**Work order:**
Only the lines from the one with "凛々しさとしなやかさ。その相" through the final line below belong in the answer, copied exactly and without pictures.

**Supplied data:**

┄┄┄┄┄┄┄┄┄┄

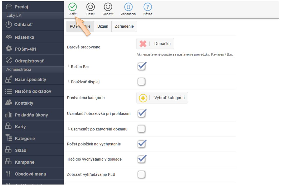 - V menu aplikácie kliknite na nastavenia zariadenia POSm - ...
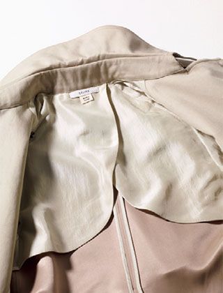 凛々しさとしなやかさ。その相反するふたつの要素を両立させることが、大人が目指すおしゃれの理想…。それを見事に体現しているのが、セリーヌのトレンチコートです。トップ部分は、カーキがかったベージュのダブルフェースコットン。エポーレットやガンフラップなど、典型的なトレンチのディテールを踏襲。それに対し、下部分は、落ち感のあるビスコース。わずかに艶のあるピンクベージュが流れるようなドレープを生み、全体から見ると、まるでドレスの上にコートを重ねているかのよう。異素材を合わせることで、甘辛バランスを極めた理想の美人コートです。
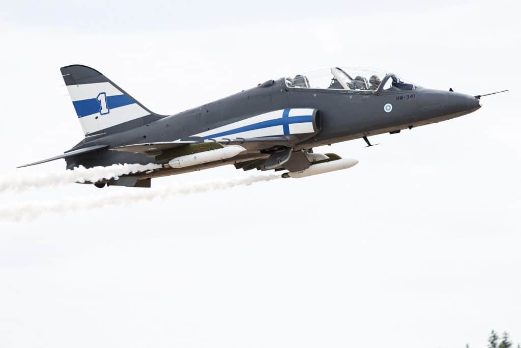 Ilmavoimat suoritti ylilennot kahdella Hawk-suihkuharjoitushävittäjällä Jyväskylän ja Porin sankarihautausmailla Suomen itsenäisyyden kunniaksi.

┄┄┄┄┄┄┄┄┄┄

**Expected answer:**
 凛々しさとしなやかさ。その相反するふたつの要素を両立させることが、大人が目指すおしゃれの理想…。それを見事に体現しているのが、セリーヌのトレンチコートです。トップ部分は、カーキがかったベージュのダブルフェースコットン。エポーレットやガンフラップなど、典型的なトレンチのディテールを踏襲。それに対し、下部分は、落ち感のあるビスコース。わずかに艶のあるピンクベージュが流れるようなドレープを生み、全体から見ると、まるでドレスの上にコートを重ねているかのよう。異素材を合わせることで、甘辛バランスを極めた理想の美人コートです。
 Ilmavoimat suoritti ylilennot kahdella Hawk-suihkuharjoitushävittäjällä Jyväskylän ja Porin sankarihautausmailla Suomen itsenäisyyden kunniaksi.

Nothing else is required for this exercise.